每逢节日或是悼亡亲,族人常来此祭拜,引为神圣。
齐蛛引着齐草黄来到大殿左侧,一块硕大的地砖顶开,露出一个黑黢黢的洞口。
顺着湿滑的阶梯向下。
出现在齐草黄眼前的是规模远大于地上十倍,犹如蜘蛛网般盘根错节的地底暗室。
巨大的寂静覆盖每一个到此之人的耳膜,令人心生焦躁和恐慌。
这里所有气流与自然光线都被遮断,只有密合于岩壁顶部的一颗颗夜明珠正散发着幽幽光亮。
齐家寨——刑罚室。
族人们每每谈之色变唯恐避之不及的地方,能止争端,能息婴啼。
齐草黄被齐蛛引进其中一间。
蝇子腿大小的腔室站着八个人,六男两女,全部身披黑色祭袍,腰绑银挂链,头带各式银冠,耳缀红黄二色长条玛瑙。
他们的左手皆拿着各自的法铃,一言不发。
听见脚步声后,八人同时回头凝视着齐草黄。
虽然银冠遮面,但齐草黄仍然清楚的感受到他们的视线,如同一柄柄重锤砸在心窝。
压魂摄魄,气势凌然。
齐草黄急促向前几步,看见倚靠在角落的中年男人。
“爹”
男人不应。
此刻暗室内灯光幽幽,齐负子已经气绝,一张绣着四方八虎图裹背布盖在他的上半身,卍字纹的框边被他两手紧捏着,胸前的残血一滩滩蜷缩于布上,已然凝固。
这一幕,齐草黄终身难忘。
他走上前,跪在齐负子身边,伸手拢着他乱糟糟的长发。
齐负子五官硬挺,睫毛长且黑,不难想见年轻时的俊朗。
而今的他身体浮肿,乱发半白,与年轻时的姿容大相径庭,明显带着自弃意味。
“爹”
齐草黄又唤一声,没有像前世一样止不住眼泪,而是面无表情,像块吸饱了情绪的海绵。
他清楚父亲心里的高塔,从母亲被勒死那一刻便崩塌了。
梳拢好头发,齐草黄从齐负子耳垂摘下一颗长管状的赤红色琥珀耳饰,凝固在琥珀中的是两颗小小的臼齿。
旋即捏着琥珀上端镶嵌的银勾,生生按进自己的耳垂。
“爹”
齐草黄再唤一声,站起身。
长而密的睫毛缓缓眯起,眼瞳隐没入眉睫的暗影中,白净的面皮上横着两道黑缝,令人望之不寒而栗。
“诸位祭师大人,族中对父母双亡的余孤,是剪草除根还是另有优待?”
这话恼了一人,只听那人开嗓,声似铜锣。
“白萤妖女窃我族法经,齐负子身为长房嫡血,平日享尽优待,非但不制止还与其同谋,与禽兽何异?”

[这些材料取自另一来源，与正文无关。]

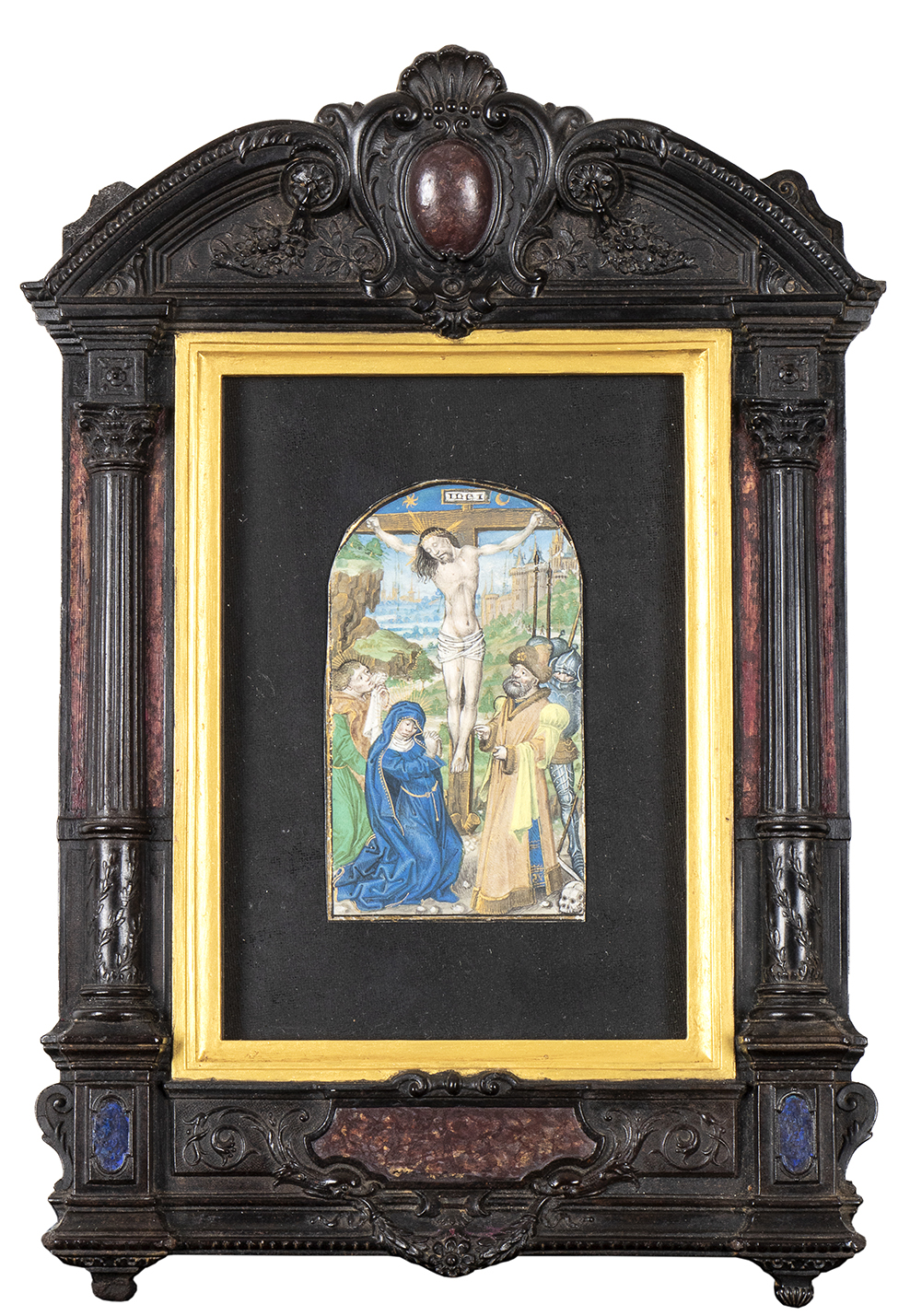 La miniatura è collocata entro una cornice moderna a tabernacolo.

“于家族不忠,于情理不孝,如此欺公坏法,不忠不孝之人,留他三年活命,已是念及血亲之情难割。
“你应感激才是。”
齐草黄看向齐蛛:“大人好唇舌,堂姑如何说?”
齐蛛十分诧异的看了一眼齐草黄,将硬话从舌尖绕了一道,温软了再吐出来:
“我知你心中有怨,但若要维护家族正义,还是需要匡正一些事情的,这是祭师的职责,希望你能理解。”
哈!
齐草黄仰头大笑一声,其面容幽光难明,不屑道:
“虚伪”
“大胆!”一道女声响起,尖利若狐啼,喝罢摇晃法铃,口中嗡嗡吟诵经文。
这暗室内忽然冰冷如冬,寒霜沉降,于周遭逐渐聚拢成团,如电般激射而出。
擦着齐草黄鬓发,轰击在岩石表面,发出咔咔的冰结声响。
【霜石经】
齐家寨所藏寒系法经前十之属,非对族中有突出贡献者,不予学习。
单是擦过几缕碎发,齐草黄半张脸已然爬满冰霜。
皮肉转瞬变僵变硬,若是被正面击中,大好头颅顷刻就掉了。
齐草黄抬手摸了一把脸,面色无惧。
这九个各怀心思祭师,他们之所以在这儿,不是来看着自己受辱的。
所有的手段、红脸唱完白脸唱,都是前戏。
但前戏太长,已经让早已知晓下文的齐草黄厌烦。
“天快亮了。”齐草黄言简意赅。
于是。
齐蛛缓缓开口,笑道:
“这冰霜能夺人性命,却夺不走你的胆气,虎日祖灵大道场上,成功者中必有你齐草黄之名。”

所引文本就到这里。